• WHAT TO WORK ON
Without the pictures, can you quote each line below exactly?

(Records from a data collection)

**********

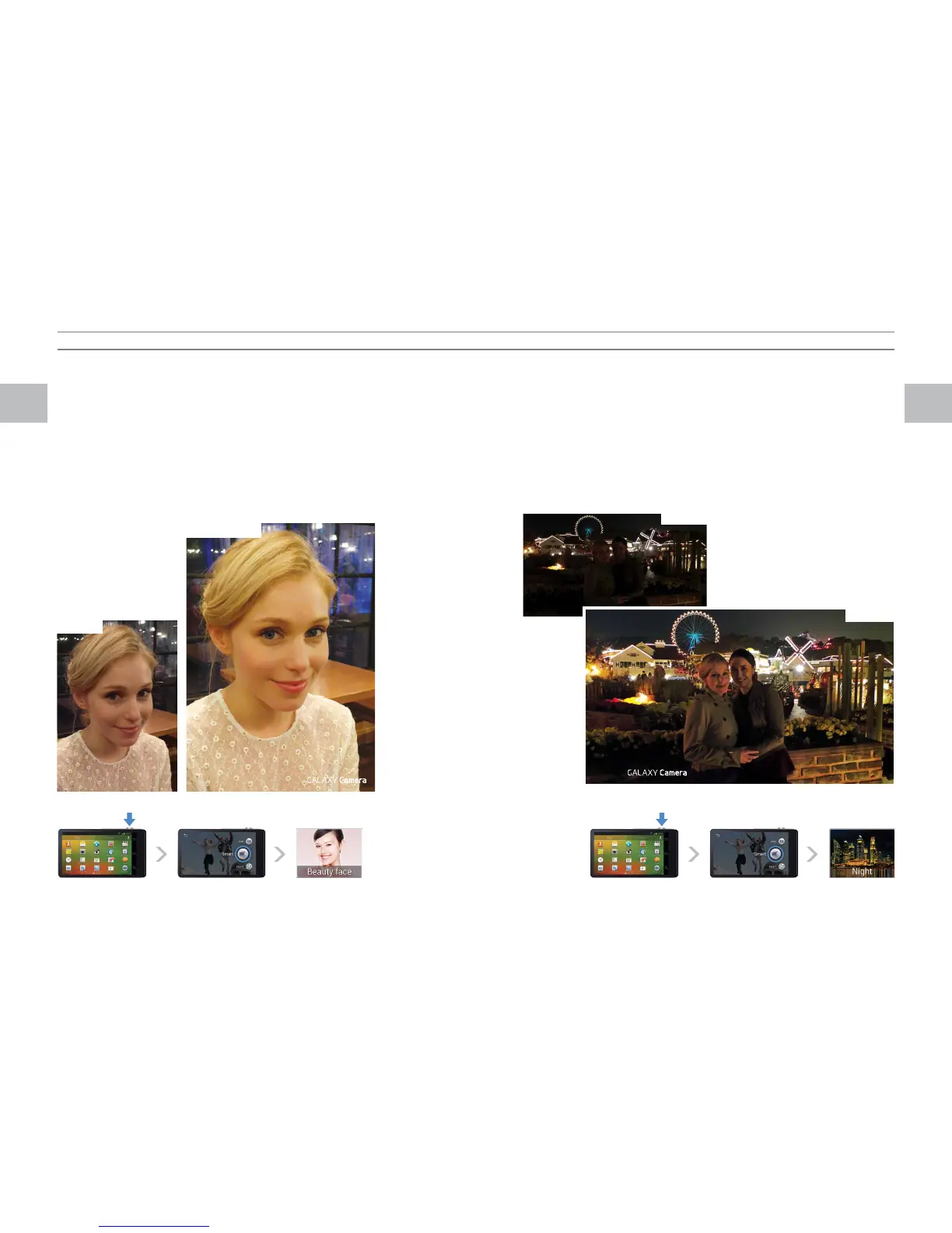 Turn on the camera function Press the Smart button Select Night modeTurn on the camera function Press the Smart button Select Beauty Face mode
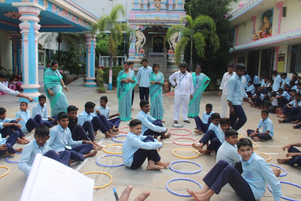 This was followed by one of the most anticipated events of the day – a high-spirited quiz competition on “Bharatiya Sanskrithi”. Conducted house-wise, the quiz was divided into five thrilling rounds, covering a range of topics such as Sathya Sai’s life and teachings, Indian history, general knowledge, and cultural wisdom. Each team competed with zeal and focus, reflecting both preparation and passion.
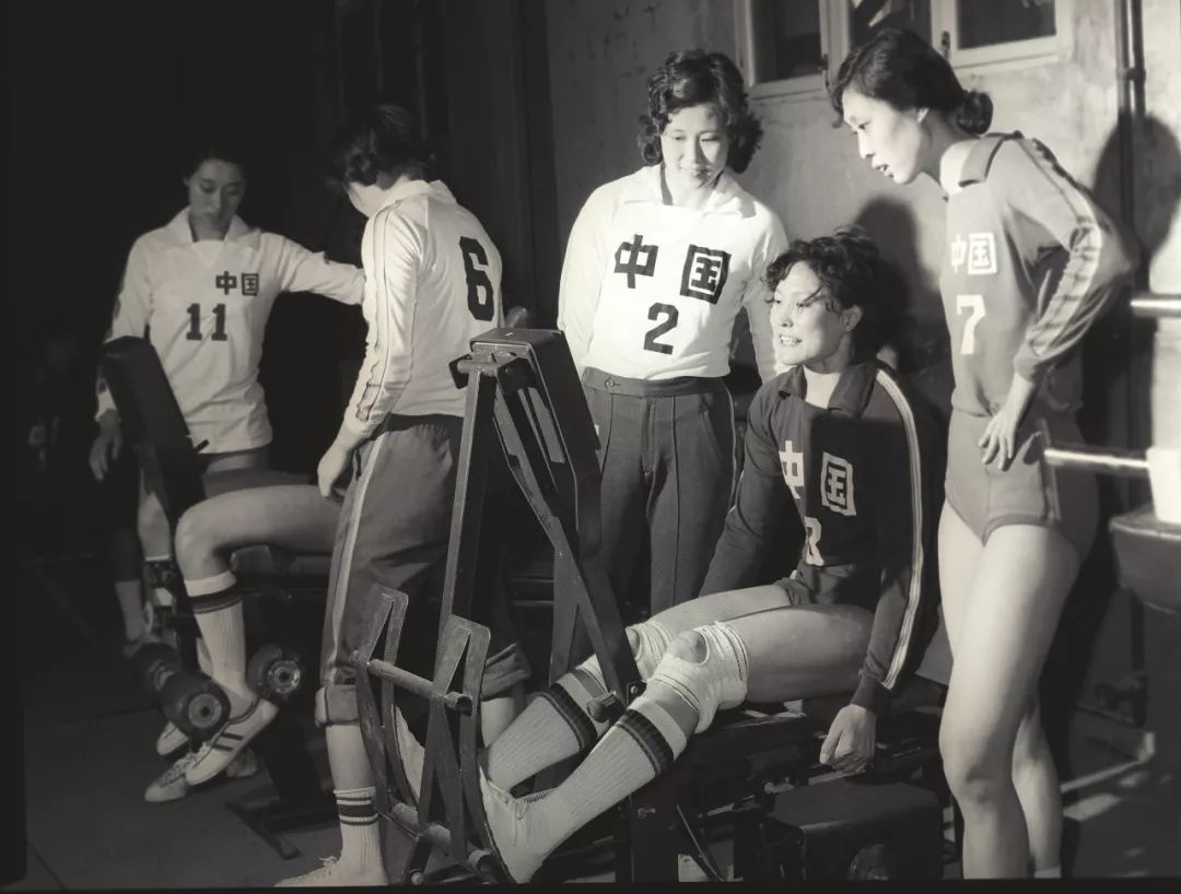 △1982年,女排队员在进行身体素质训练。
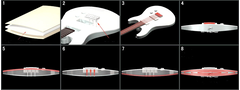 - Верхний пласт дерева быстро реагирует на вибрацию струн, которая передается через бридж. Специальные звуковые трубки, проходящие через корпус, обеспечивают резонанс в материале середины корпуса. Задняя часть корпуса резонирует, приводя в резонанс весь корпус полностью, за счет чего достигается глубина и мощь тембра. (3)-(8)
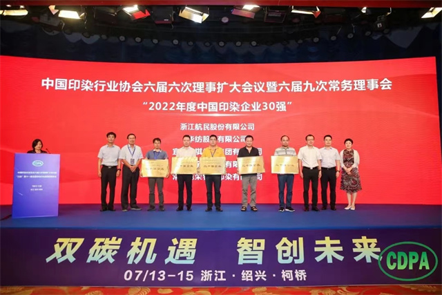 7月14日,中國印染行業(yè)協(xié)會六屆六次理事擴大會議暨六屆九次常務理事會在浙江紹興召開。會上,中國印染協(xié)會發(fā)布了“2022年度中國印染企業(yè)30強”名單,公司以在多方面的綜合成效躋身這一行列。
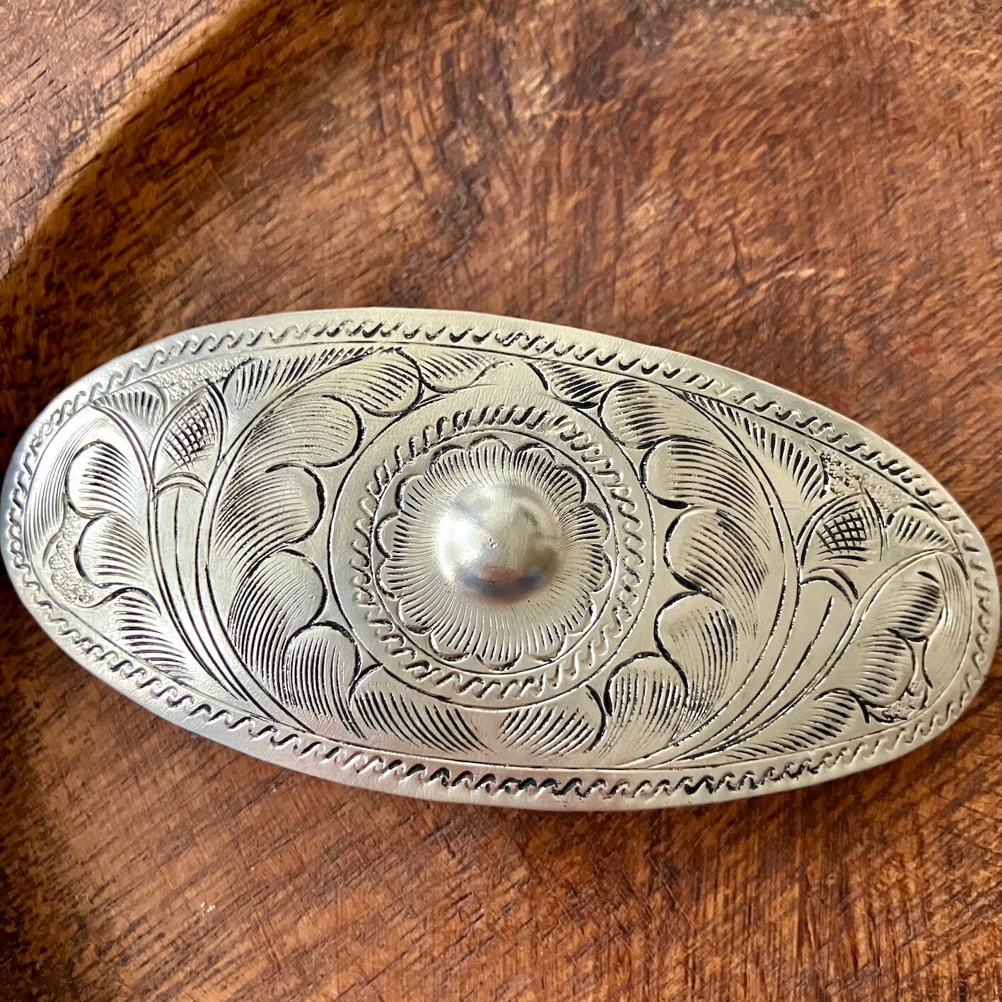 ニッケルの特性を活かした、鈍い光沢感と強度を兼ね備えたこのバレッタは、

**********

• EXERCISE RESPONSE
 Turn on the camera function Press the Smart button Select Night modeTurn on the camera function Press the Smart button Select Beauty Face mode
 This was followed by one of the most anticipated events of the day – a high-spirited quiz competition on “Bharatiya Sanskrithi”. Conducted house-wise, the quiz was divided into five thrilling rounds, covering a range of topics such as Sathya Sai’s life and teachings, Indian history, general knowledge, and cultural wisdom. Each team competed with zeal and focus, reflecting both preparation and passion.
 △1982年,女排队员在进行身体素质训练。
 - Верхний пласт дерева быстро реагирует на вибрацию струн, которая передается через бридж. Специальные звуковые трубки, проходящие через корпус, обеспечивают резонанс в материале середины корпуса. Задняя часть корпуса резонирует, приводя в резонанс весь корпус полностью, за счет чего достигается глубина и мощь тембра. (3)-(8)
 7月14日,中國印染行業(yè)協(xié)會六屆六次理事擴大會議暨六屆九次常務理事會在浙江紹興召開。會上,中國印染協(xié)會發(fā)布了“2022年度中國印染企業(yè)30強”名單,公司以在多方面的綜合成效躋身這一行列。
 ニッケルの特性を活かした、鈍い光沢感と強度を兼ね備えたこのバレッタは、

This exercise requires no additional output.